What the task asks: Only the pictures are to be left out; write out the rest of the data exactly.

Information given:
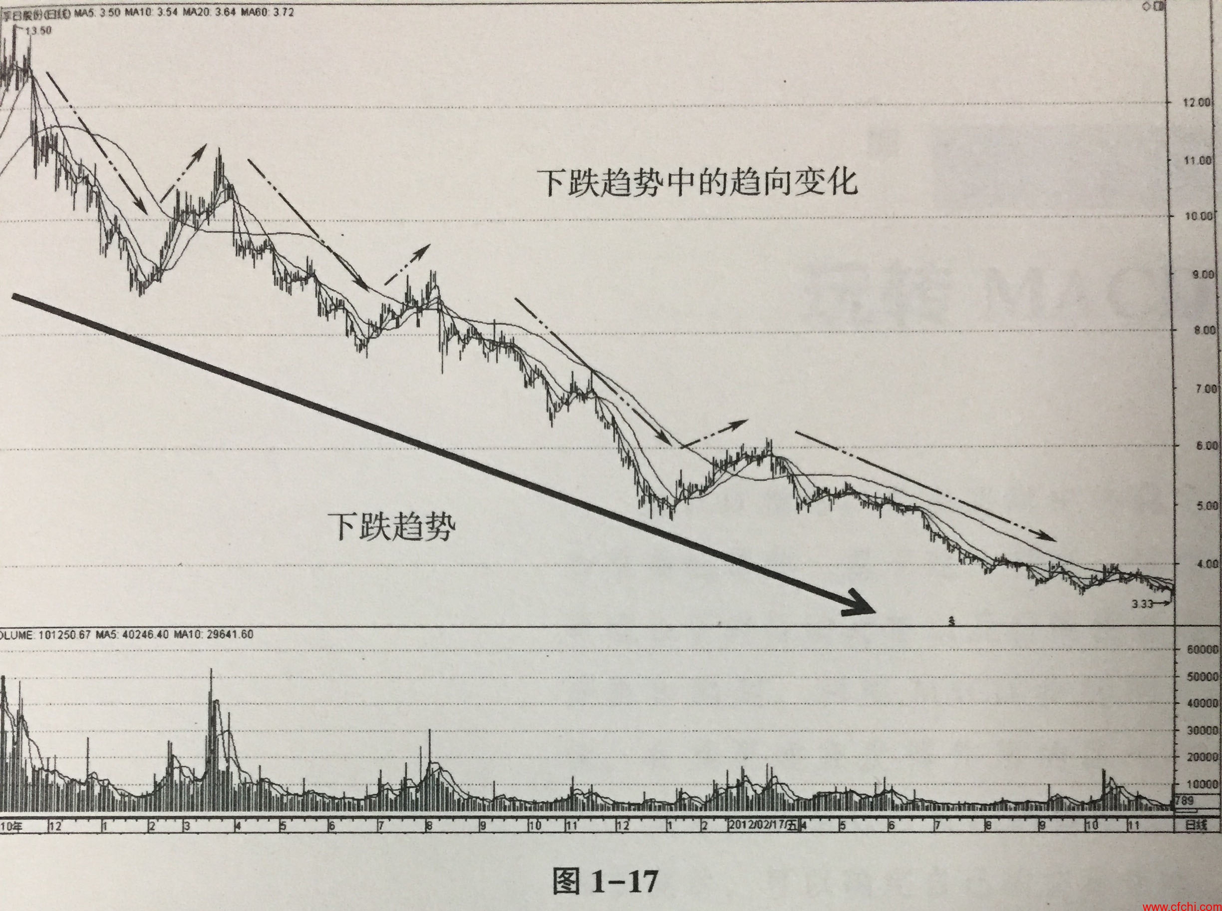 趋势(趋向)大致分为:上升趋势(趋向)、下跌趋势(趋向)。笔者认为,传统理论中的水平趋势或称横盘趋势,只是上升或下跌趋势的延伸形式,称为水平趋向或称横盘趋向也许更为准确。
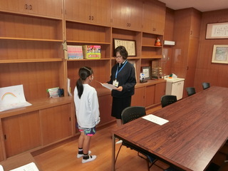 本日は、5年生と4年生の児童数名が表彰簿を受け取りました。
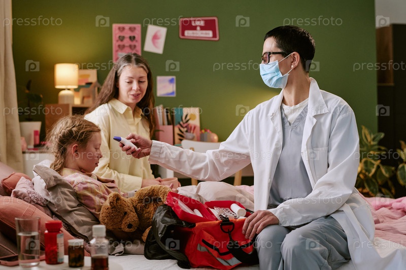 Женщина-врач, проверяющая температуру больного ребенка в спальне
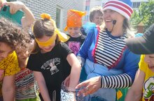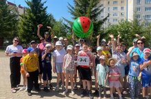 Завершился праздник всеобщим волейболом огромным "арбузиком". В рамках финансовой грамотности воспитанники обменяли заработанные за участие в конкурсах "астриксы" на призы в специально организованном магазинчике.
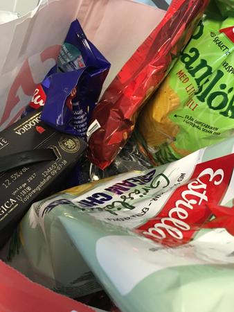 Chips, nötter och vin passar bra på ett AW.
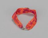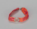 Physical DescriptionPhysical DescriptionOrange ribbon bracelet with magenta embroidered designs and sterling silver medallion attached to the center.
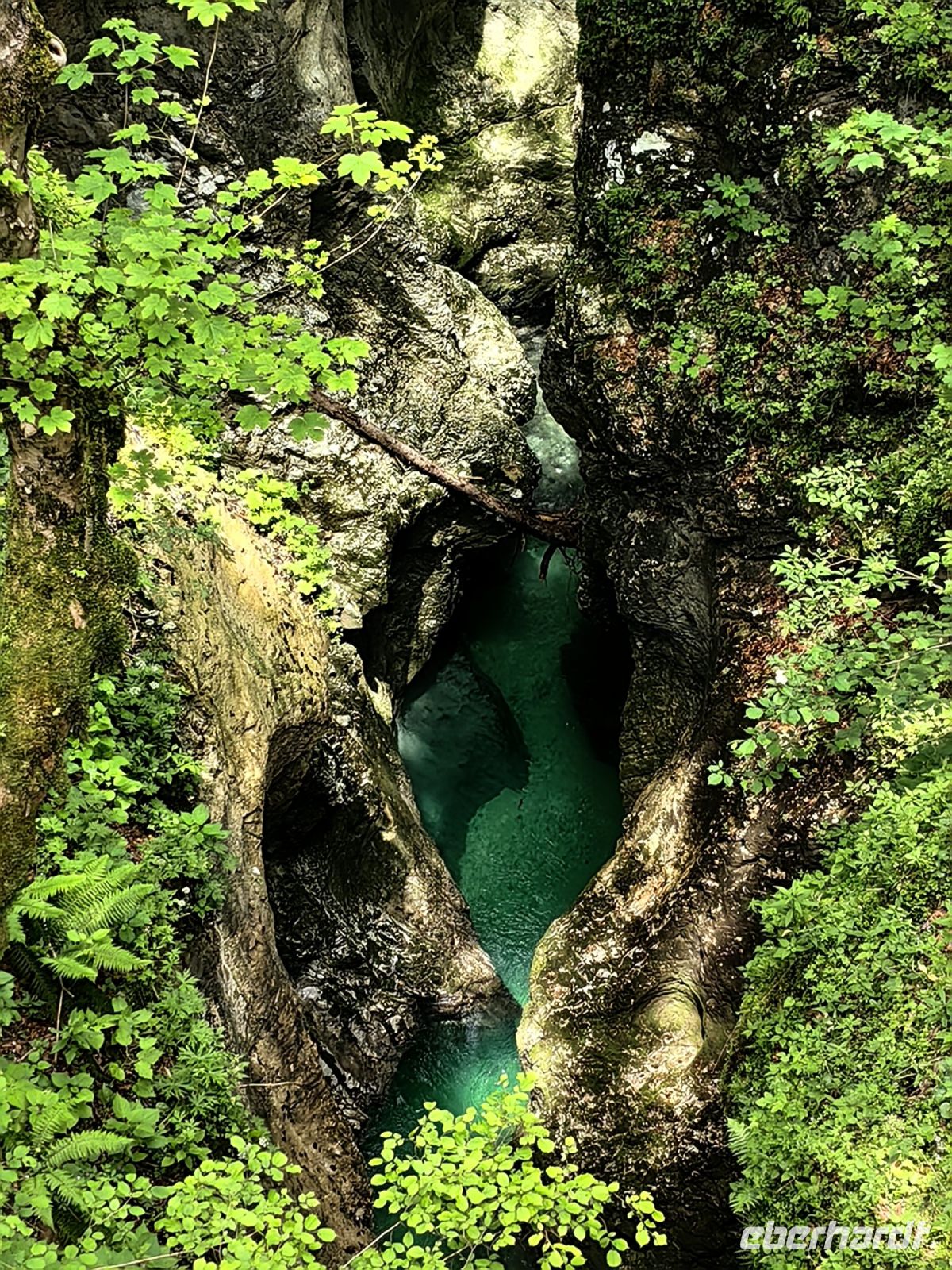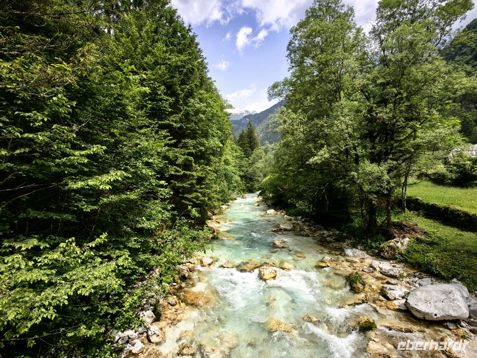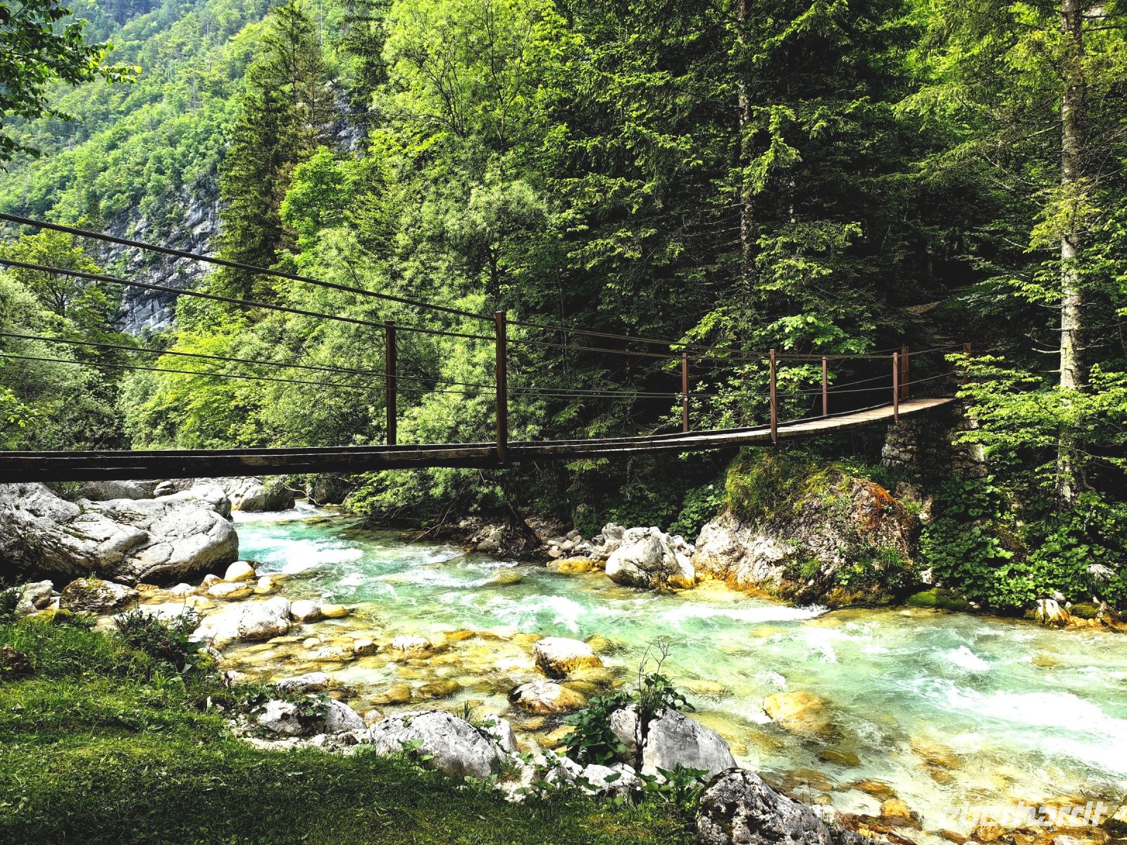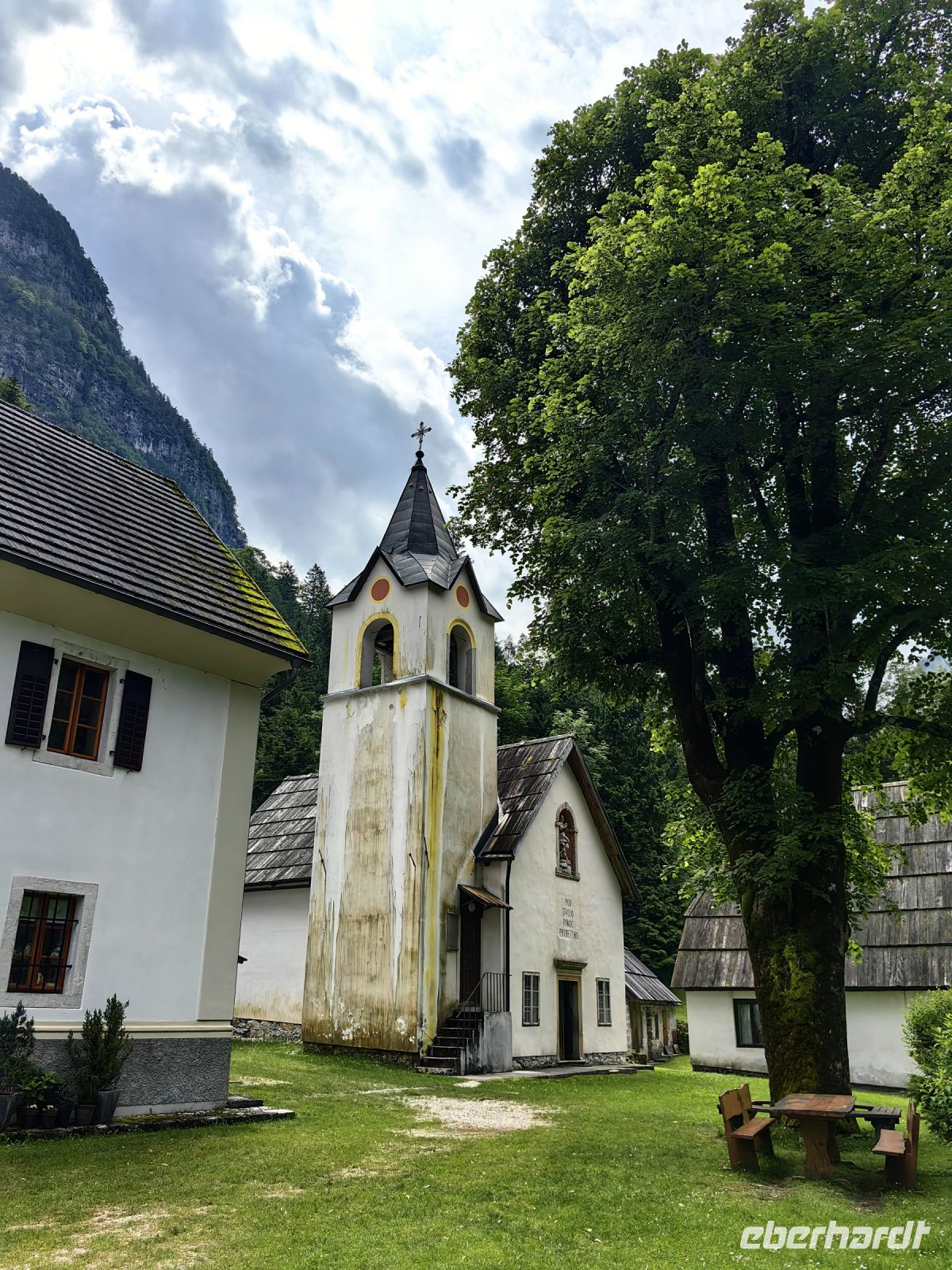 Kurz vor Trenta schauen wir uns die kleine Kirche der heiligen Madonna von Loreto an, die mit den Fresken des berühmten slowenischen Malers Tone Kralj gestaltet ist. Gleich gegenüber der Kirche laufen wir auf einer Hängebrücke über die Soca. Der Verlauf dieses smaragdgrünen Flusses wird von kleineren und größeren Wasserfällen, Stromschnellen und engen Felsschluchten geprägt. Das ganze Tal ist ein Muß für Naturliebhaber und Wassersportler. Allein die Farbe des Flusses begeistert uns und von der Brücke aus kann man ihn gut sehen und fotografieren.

Exercise output:
 趋势(趋向)大致分为:上升趋势(趋向)、下跌趋势(趋向)。笔者认为,传统理论中的水平趋势或称横盘趋势,只是上升或下跌趋势的延伸形式,称为水平趋向或称横盘趋向也许更为准确。
 本日は、5年生と4年生の児童数名が表彰簿を受け取りました。
 Женщина-врач, проверяющая температуру больного ребенка в спальне
 Завершился праздник всеобщим волейболом огромным "арбузиком". В рамках финансовой грамотности воспитанники обменяли заработанные за участие в конкурсах "астриксы" на призы в специально организованном магазинчике.
 Chips, nötter och vin passar bra på ett AW.
 Physical DescriptionPhysical DescriptionOrange ribbon bracelet with magenta embroidered designs and sterling silver medallion attached to the center.
 Kurz vor Trenta schauen wir uns die kleine Kirche der heiligen Madonna von Loreto an, die mit den Fresken des berühmten slowenischen Malers Tone Kralj gestaltet ist. Gleich gegenüber der Kirche laufen wir auf einer Hängebrücke über die Soca. Der Verlauf dieses smaragdgrünen Flusses wird von kleineren und größeren Wasserfällen, Stromschnellen und engen Felsschluchten geprägt. Das ganze Tal ist ein Muß für Naturliebhaber und Wassersportler. Allein die Farbe des Flusses begeistert uns und von der Brücke aus kann man ihn gut sehen und fotografieren.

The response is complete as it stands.